With that singleness of purpose, that persistency of
sublime confidence to which nothing is denied, they
went about their task with unquenchable ardour and decision.
A mere handful of devoted souls at first, following
the footsteps of the chosen Twelve to whom the Message
was originally entrusted, they went cheerfully about
the business of persuading the known world to their
way of thinking. How well they succeeded, let modern
civilization attest.
Let
us never depreciate the power of so supreme a faith,
a devotion so consuming and so noble; for that is the
very spirit we need at all times, a spirit of hopeful
belief in the ultimate triumph of ideals. But we have
come at this end of time to look upon the earth and
our own history with a more dispassioned eye, and to
regard the events of our racial evolution with a certain
mental detachment, [Page 254] which
we call the scientific spirit. And that is well, too;
for we must have the absolute truth, at all costs, for
our peace of mind, just as we need ultimate goodness
for our peace of heart, and utmost beauty for our enjoyment
of life. We have come to see in the outworn religions
of the earth which Christianity has supplanted, not
mere heathenish superstition, but the first crude efforts
of the human soul, endeavouring to formulate its instincts
for righteousness, its intuitions of the sublime, its
inherent belief in a divine origin and outcome for all
things. The beautiful gods of pagan Greece, whose cult
has given to modern art and literature such an immeasurable
stimulus; the pitiful gods of the Polar night; the subtle
and still-living gods of the mysterious Orient; the
lore of all these human creeds is not to be despised,
but to be studied. Very likely they are inadequate in
their conception of the universe, and unwise in many
of their moral sanctions; still they stand there in
testimony of man’s [Page 255] reach
after the infinite. Pan and Vesta and Hanuman and the
unrecorded divinities of outlandish tongues are neither
hateful nor despicable, but only imperfect. They are,
surely one must believe, partial revelations of the
truer Truth, the better Goodness, the more imperishable
Beauty.
So,
too, we may be sure that the rude worship of our ancient
fathers in the wilderness of Britain, little as we know
of it, was not without lovely traits and touches of
aspiration. Those watchers who gathered to see the sun
rise over Stonehenge last midsummer day must have been
impressed by a solemn regard for the old druidical faith
which planted those monoliths in their significant ring,
so that the great light of day at his summer solstice
enters exactly through the door of that primitive temple.

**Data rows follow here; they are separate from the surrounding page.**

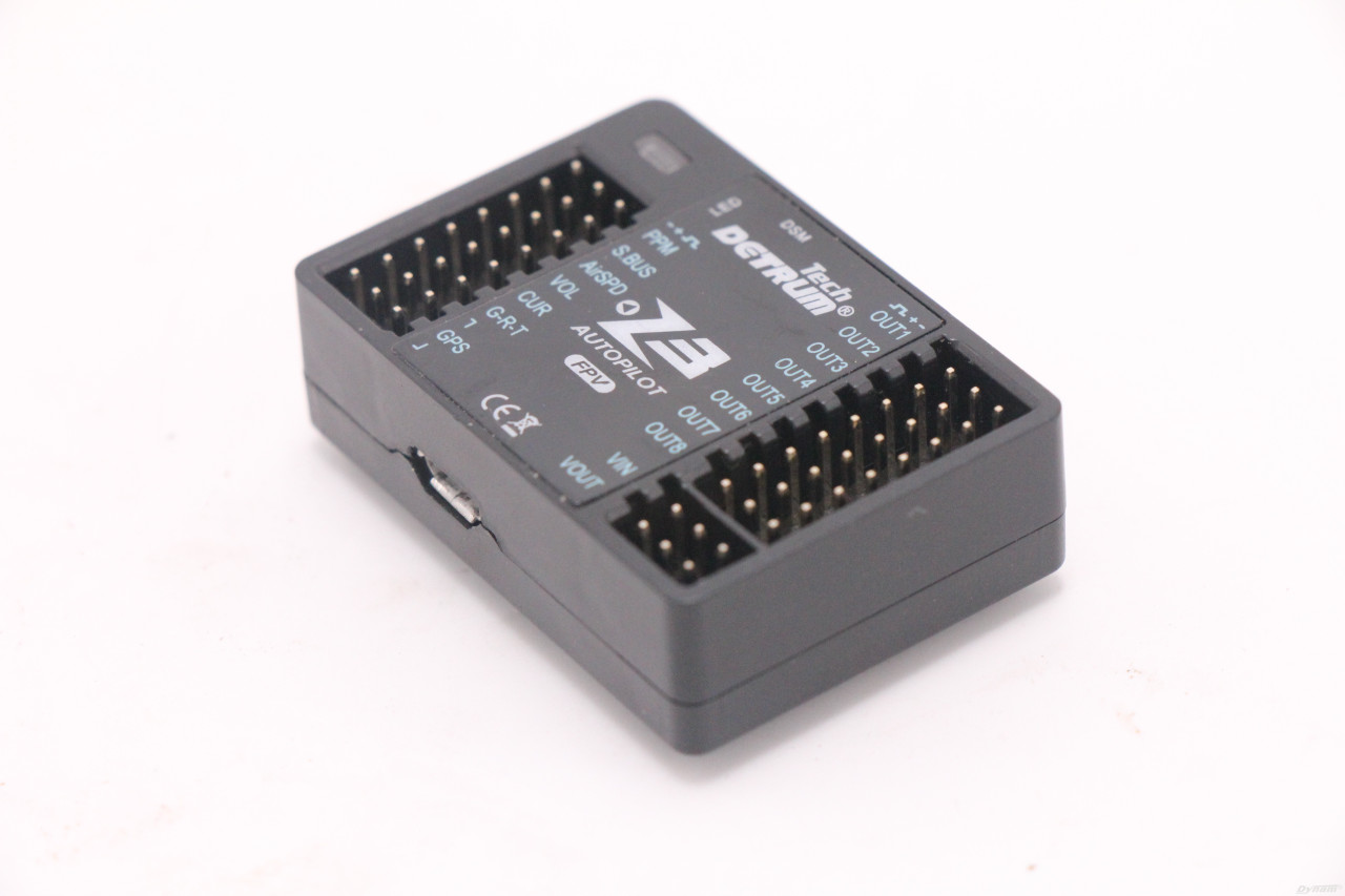 Z3-FPV is compatible with Spektrum, Futaba, Detrum and all other transmitters on the market, and supports DSM, S.BUS, PPM receivers. And by connecting with Detrum’s programming card, it is convenient for parameter setting and simple and intuitive operation. When working with Blitz-DT9 and RXC9M receivers, it can transmit real-time information such as voltage, altitude, speed, posture, distance, satellite signals, etc. to the transmitter, and can perform voice broadcast. And record the maximum value and average value of information after the aircraft landed for analysis
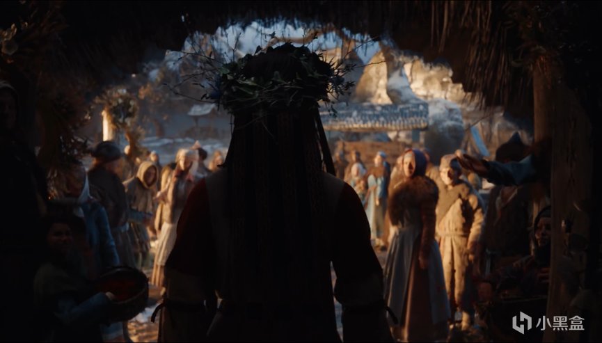 可以觀察到遠處房屋上有積雪,且村民穿的都比較厚實,可以確定爲故事發生在史凱利格。根據已有信息可以知道女孩要遵循村子的“傳統”,被送去獻祭給“天神”。
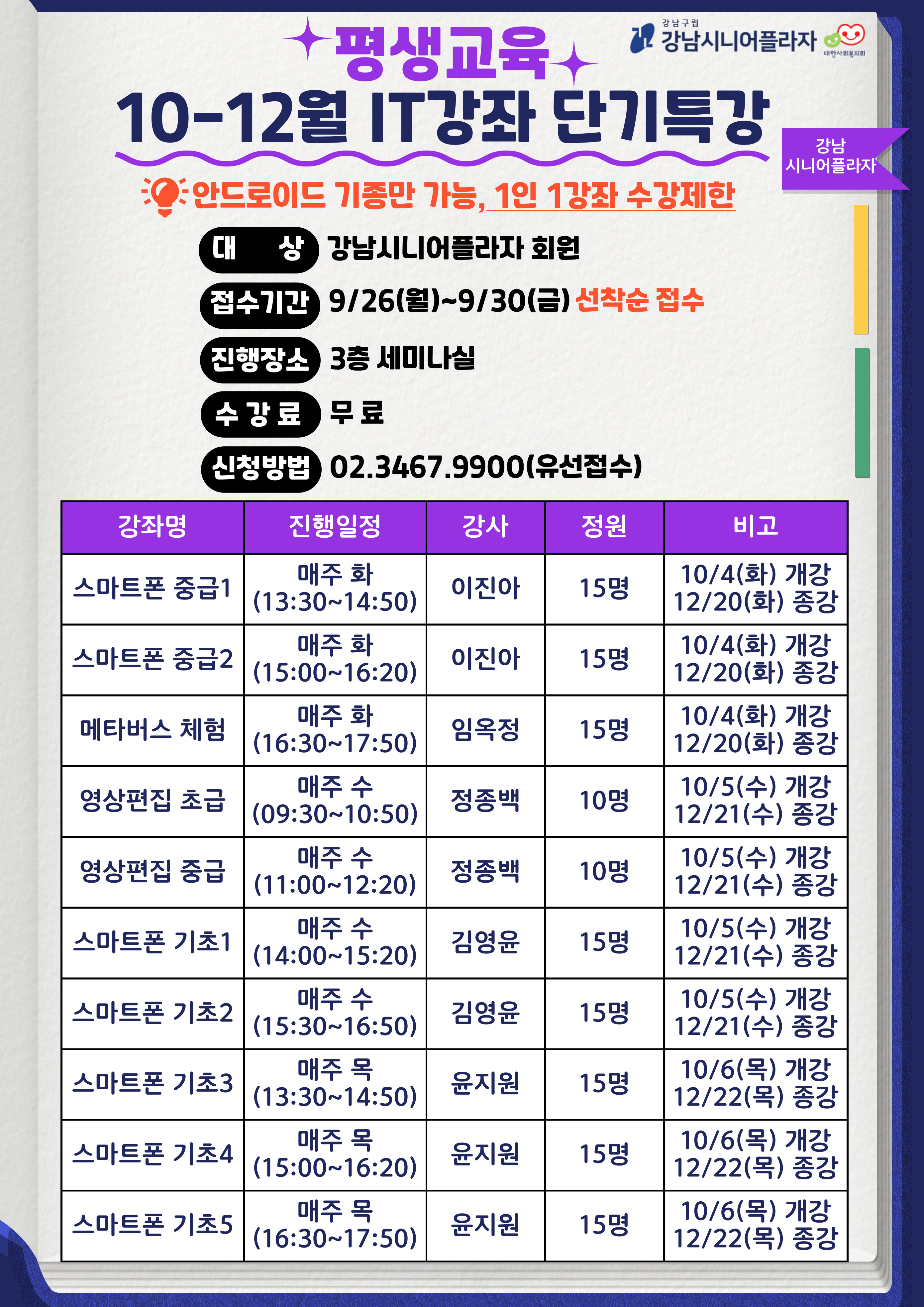 대상 : 강남시니어플라자 회원
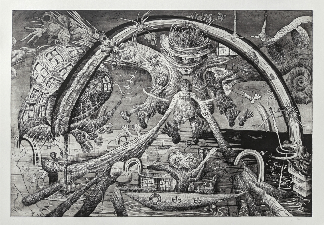 朝井颯志|彩虹門|水松石版;銅版蝕刻|3.5 x 112.5 x 82 cm|2025。透過寓言式敘事回望當代文明與自然之間的張力。
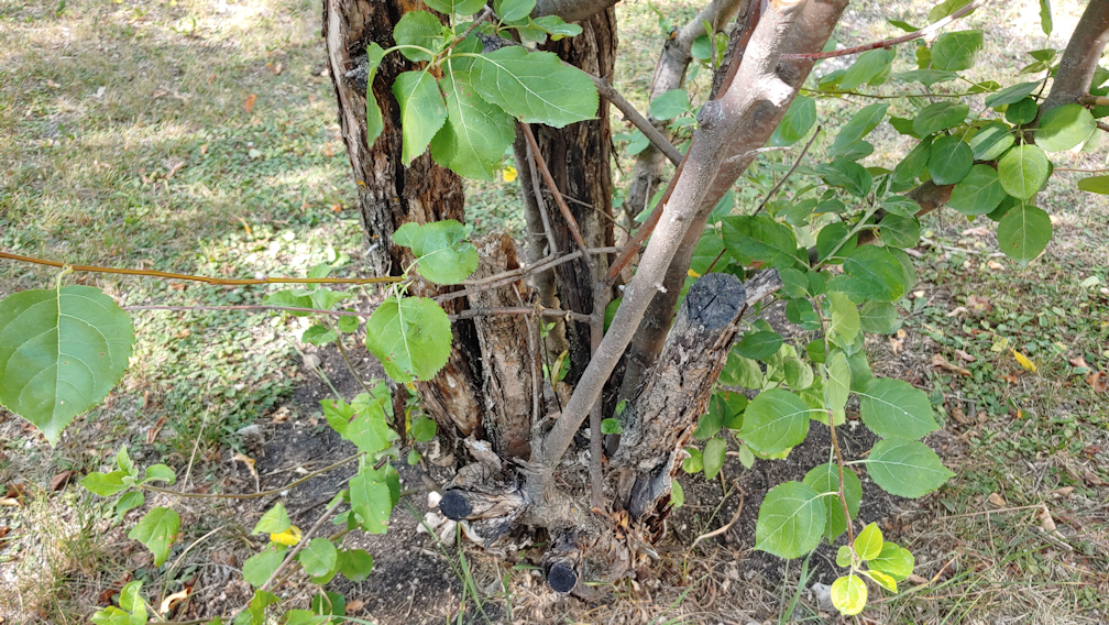 I had already cut the dead parts of the main tree, our first summer here. What was left were the suckers growing out the base. As the main part was grafted, what grew out the base was not the same type of apple as what had already died.
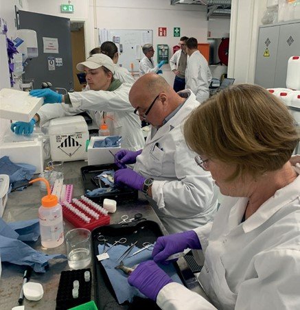 Forsøket ble gjennomført iht. tidsplanen og uten dødelighet. Det ble tatt ut prøver av blod, skinn, gjelle og tarm fra 6 individer per enhet på 11 prøvetidspunkt (Figur 4, 5 og 6) til analyser av mikrobesamfunn og fiskehelse. I tillegg ble det tatt prøver av 5 biofilmbærere per RAS per prøvetidspunkt til kartlegging av mikrobiomer, samt vannkvalitetsprøver før og mellom alle prøveuttak av fisk (Figur 7). Lengde og vekt av all fisk ble registrert 5 ganger i forsøket for å kunne følge vekstindikatorer på individbasis i de ulike fasene i eksperimentet. All prøvetatt fisk ble også vurdert med hensyn på eksterne velferds- indikatorer, kardiosomatisk, hepato-somatisk og gonadosomatisk indeks.
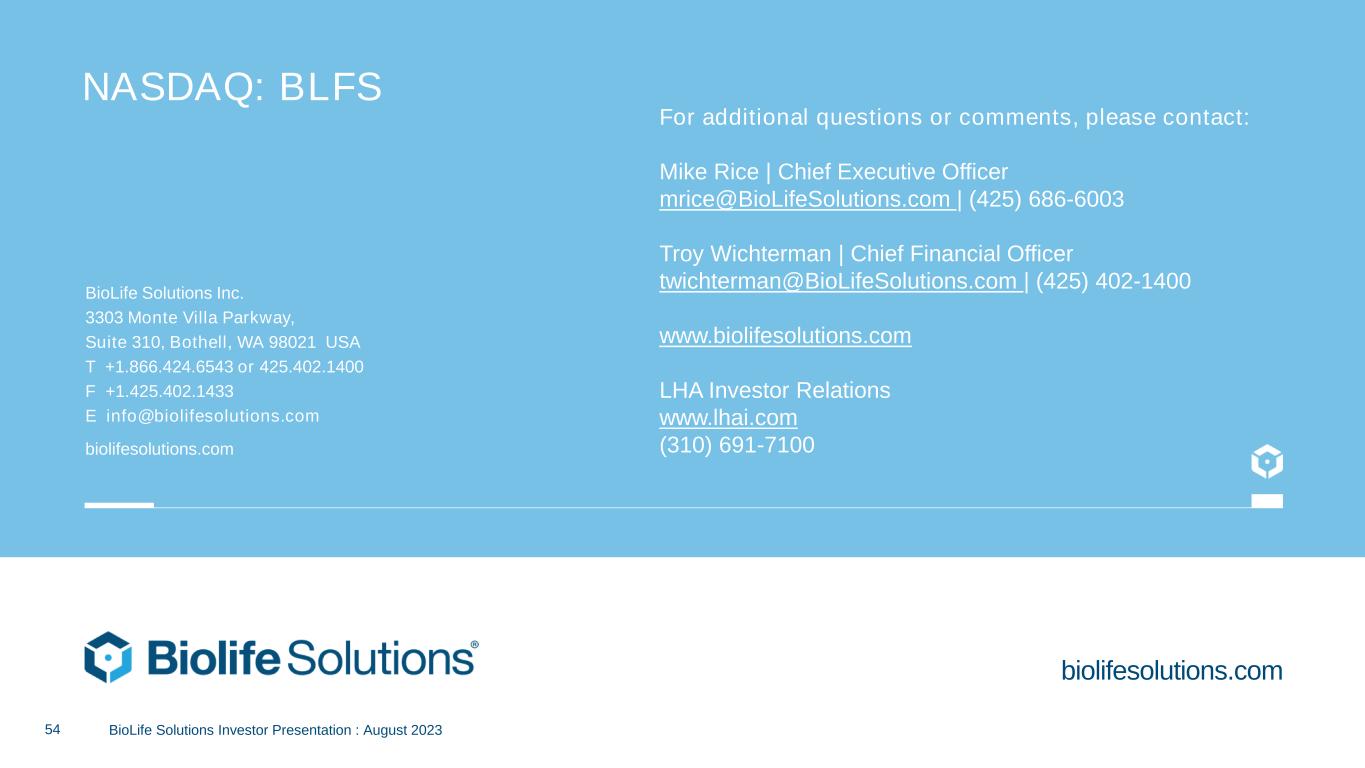 BioLife Solutions Investor Presentation : August 202354 BioLife Solutions Inc. 3303 Monte Villa Parkway, Suite 310, Bothell, WA 98021 USA T +1.866.424.6543 or 425.402.1400 F +1.425.402.1433 E info@biolifesolutions.com biolifesolutions.com biolifesolutions.com For additional questions or comments, please contact: Mike Rice | Chief Executive Officer mrice@BioLifeSolutions.com | (425) 686-6003 Troy Wichterman | Chief Financial Officer twichterman@BioLifeSolutions.com | (425) 402-1400 www.biolifesolutions.com LHA Investor Relations www.lhai.com (310) 691-7100 NASDAQ: BLFS
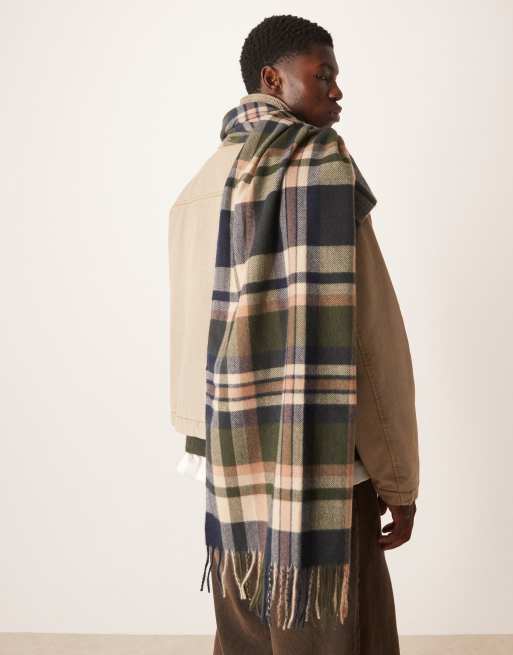 ASOS DESIGN – Gewebter, karierter Schal in Marineblau
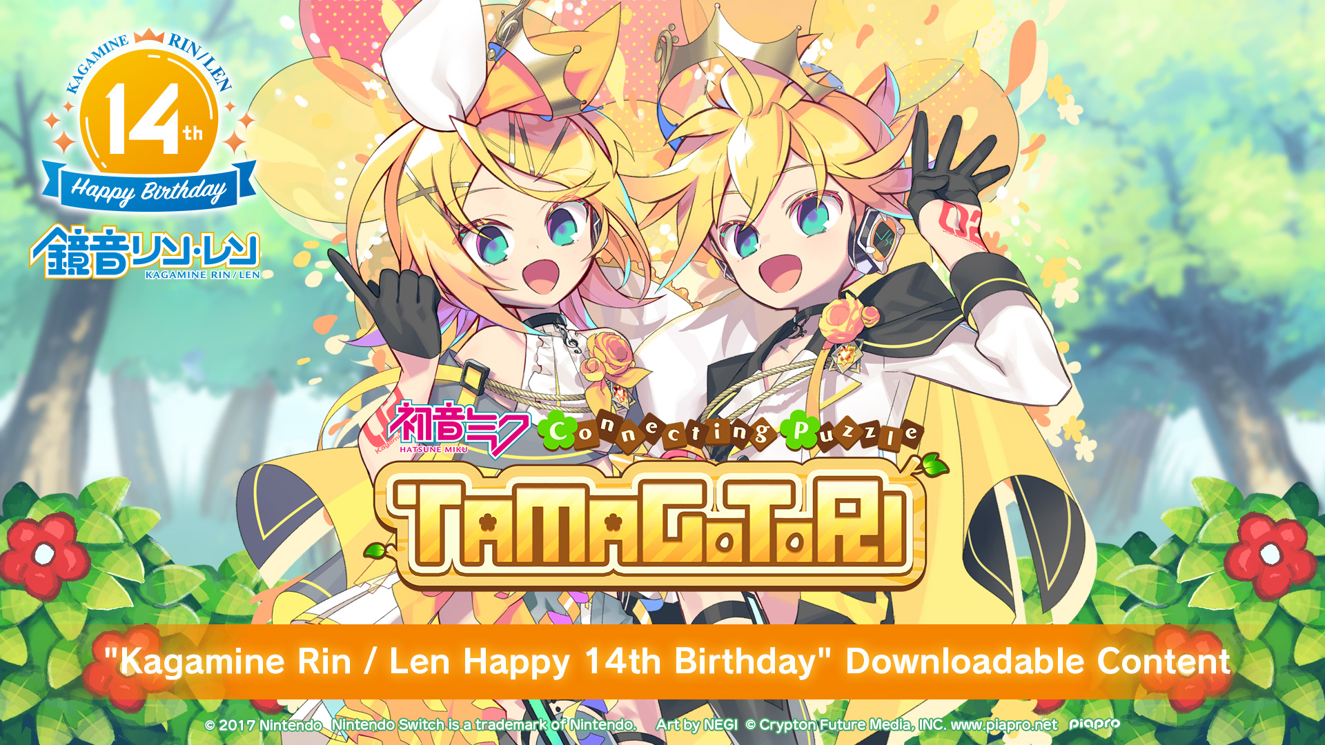 Crypton Future Media, INC. (Head Office: Sapporo, Hokkaido, Japan; CEO: Hiroyuki Itoh) has released the second DLC “Kagamine Rin / Len Happy 14th Birthday” for “Hatsune Miku Connecting Puzzle TAMAGOTORI”. The DLC is now available on Nintendo Switch, and purchasable for 500 JPY. Please check out the new trailer on the official Hatsune Miku YouTube channel.
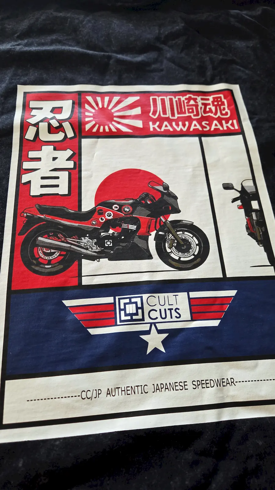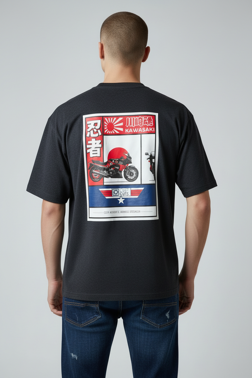 Top Gun en estado puro. La TShirt GPZ rinde homenaje a la Kawasaki GPZ900R de Pete ‘Maverick’ Mitchell, la moto que volaba por las pistas tanto como los F-14 en el aire . En la espalda, ilustración detallada con los stickers originales que hicieron de esa máquina un ícono de los ’80. Corte clásico, algodón de primera y toda la actitud de quien vive a velocidad crucero. Una pieza de culto para fanáticos del cine, las motos y la libertad sin límites.

Not sun-worshippers, perhaps, but nature-worshippers
our fathers must have been, when the new teaching came
to them in their island fastnesses. In the names Yule
and Easter, [Page 256] marking certain
pagan festivals of nature, vague records of these Northern
religions come down to us, and upon the dates of those
festivals other festivals of the Christian cult were
grafted. So that when we celebrate our winter holiday,
we are not merely keeping the memorial of Christ’s
nativity, but, all unconsciously, are following the
immemorial rites of an earlier custom, strange and barbarous,
yet natural, after all.
In
the story of all peoples there will be things too far
off to be remembered save in the most shadowy tradition.
The worship of Linus or Adonis among the earliest Greeks
is surrounded with impenetrable mystery. It had changed
and been lost before the time of records began; but
we know it was something typical of the changing seasons,
the pulse of life and death through the revolving year.
We may fancy, in the same way, that the most elemental
facts of nature, the waxing and waning of the days from
summer to winter, the perishing of the year at autumn
and its [Page 257] revival in spring,
would be the first to be celebrated in forms of worship
among a people so dependent on the favour of the sun.
They would see in the great luminary, if not a divinity,
at least a direct administration of the Divine Mind.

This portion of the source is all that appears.